» Exercise
Your copy of the lines below must match them exactly and contain no images.
[Opening Recorded data section]
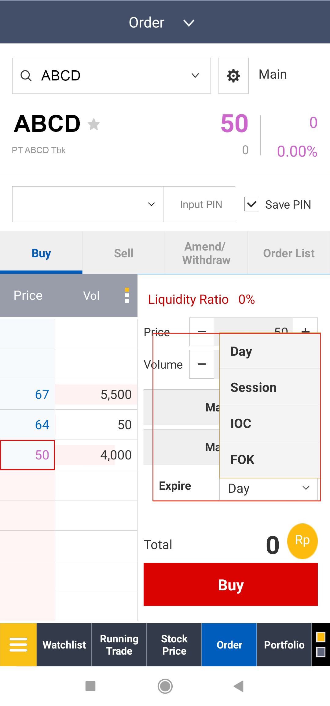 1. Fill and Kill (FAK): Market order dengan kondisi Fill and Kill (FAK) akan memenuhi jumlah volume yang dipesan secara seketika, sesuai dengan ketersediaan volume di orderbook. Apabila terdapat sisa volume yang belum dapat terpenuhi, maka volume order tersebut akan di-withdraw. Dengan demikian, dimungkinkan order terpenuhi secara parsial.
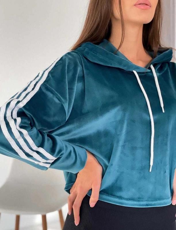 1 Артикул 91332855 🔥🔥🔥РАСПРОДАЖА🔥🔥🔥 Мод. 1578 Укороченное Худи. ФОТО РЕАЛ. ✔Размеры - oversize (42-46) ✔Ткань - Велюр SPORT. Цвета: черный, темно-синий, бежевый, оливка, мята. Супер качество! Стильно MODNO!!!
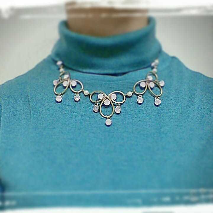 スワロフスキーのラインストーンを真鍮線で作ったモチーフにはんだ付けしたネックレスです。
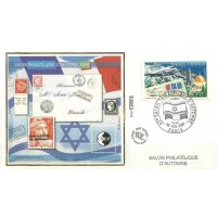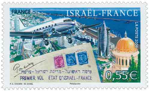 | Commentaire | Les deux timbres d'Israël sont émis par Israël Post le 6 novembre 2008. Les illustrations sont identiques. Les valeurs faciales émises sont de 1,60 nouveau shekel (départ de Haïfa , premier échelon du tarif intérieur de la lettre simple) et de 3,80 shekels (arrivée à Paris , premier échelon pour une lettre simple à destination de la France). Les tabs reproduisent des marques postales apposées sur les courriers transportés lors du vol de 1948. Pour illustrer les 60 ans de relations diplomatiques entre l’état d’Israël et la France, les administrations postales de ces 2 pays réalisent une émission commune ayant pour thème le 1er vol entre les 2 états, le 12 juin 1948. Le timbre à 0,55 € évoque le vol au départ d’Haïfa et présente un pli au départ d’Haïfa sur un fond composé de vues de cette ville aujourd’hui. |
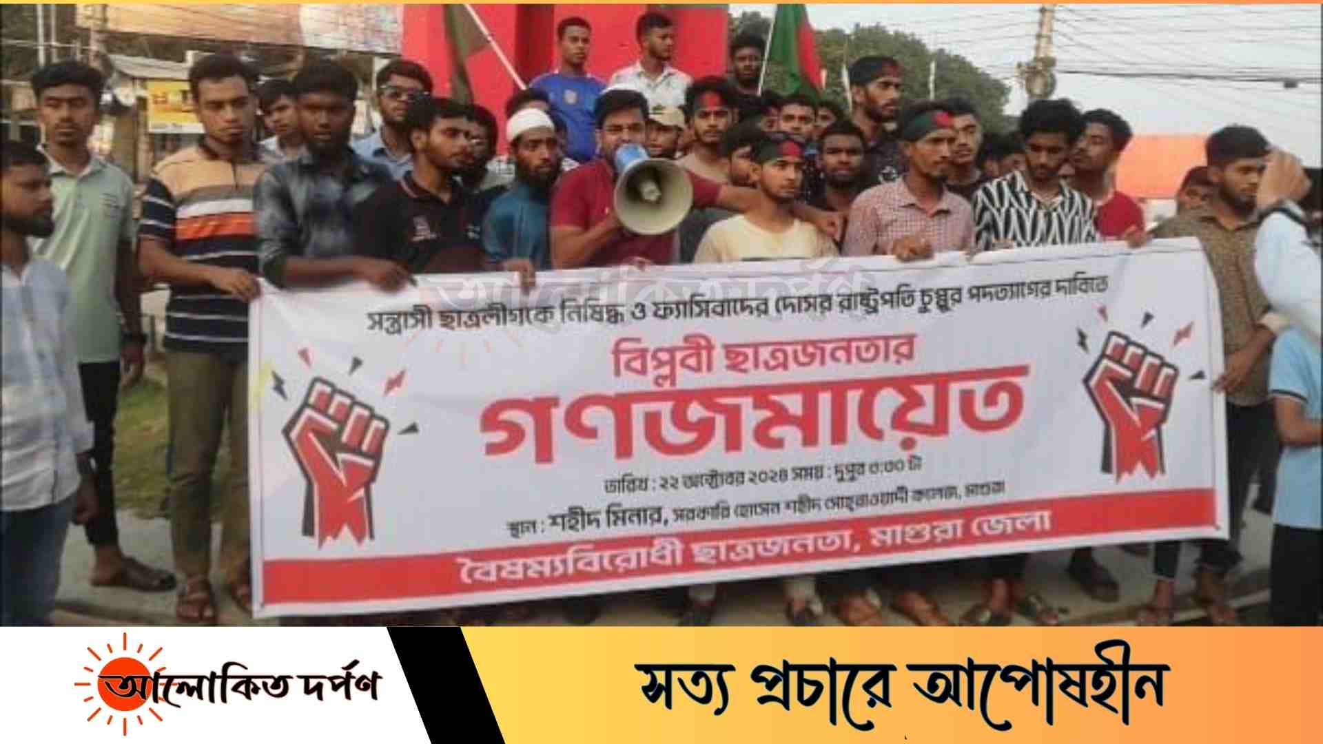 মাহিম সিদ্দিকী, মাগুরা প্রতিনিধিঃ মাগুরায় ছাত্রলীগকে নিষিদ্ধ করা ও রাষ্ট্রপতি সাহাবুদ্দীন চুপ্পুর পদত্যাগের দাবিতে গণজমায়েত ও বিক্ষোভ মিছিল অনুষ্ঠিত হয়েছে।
[Closing Recorded data section]
» Solution to this problem
 1. Fill and Kill (FAK): Market order dengan kondisi Fill and Kill (FAK) akan memenuhi jumlah volume yang dipesan secara seketika, sesuai dengan ketersediaan volume di orderbook. Apabila terdapat sisa volume yang belum dapat terpenuhi, maka volume order tersebut akan di-withdraw. Dengan demikian, dimungkinkan order terpenuhi secara parsial.
 1 Артикул 91332855 🔥🔥🔥РАСПРОДАЖА🔥🔥🔥 Мод. 1578 Укороченное Худи. ФОТО РЕАЛ. ✔Размеры - oversize (42-46) ✔Ткань - Велюр SPORT. Цвета: черный, темно-синий, бежевый, оливка, мята. Супер качество! Стильно MODNO!!!
 スワロフスキーのラインストーンを真鍮線で作ったモチーフにはんだ付けしたネックレスです。
 | Commentaire | Les deux timbres d'Israël sont émis par Israël Post le 6 novembre 2008. Les illustrations sont identiques. Les valeurs faciales émises sont de 1,60 nouveau shekel (départ de Haïfa , premier échelon du tarif intérieur de la lettre simple) et de 3,80 shekels (arrivée à Paris , premier échelon pour une lettre simple à destination de la France). Les tabs reproduisent des marques postales apposées sur les courriers transportés lors du vol de 1948. Pour illustrer les 60 ans de relations diplomatiques entre l’état d’Israël et la France, les administrations postales de ces 2 pays réalisent une émission commune ayant pour thème le 1er vol entre les 2 états, le 12 juin 1948. Le timbre à 0,55 € évoque le vol au départ d’Haïfa et présente un pli au départ d’Haïfa sur un fond composé de vues de cette ville aujourd’hui. |
 মাহিম সিদ্দিকী, মাগুরা প্রতিনিধিঃ মাগুরায় ছাত্রলীগকে নিষিদ্ধ করা ও রাষ্ট্রপতি সাহাবুদ্দীন চুপ্পুর পদত্যাগের দাবিতে গণজমায়েত ও বিক্ষোভ মিছিল অনুষ্ঠিত হয়েছে।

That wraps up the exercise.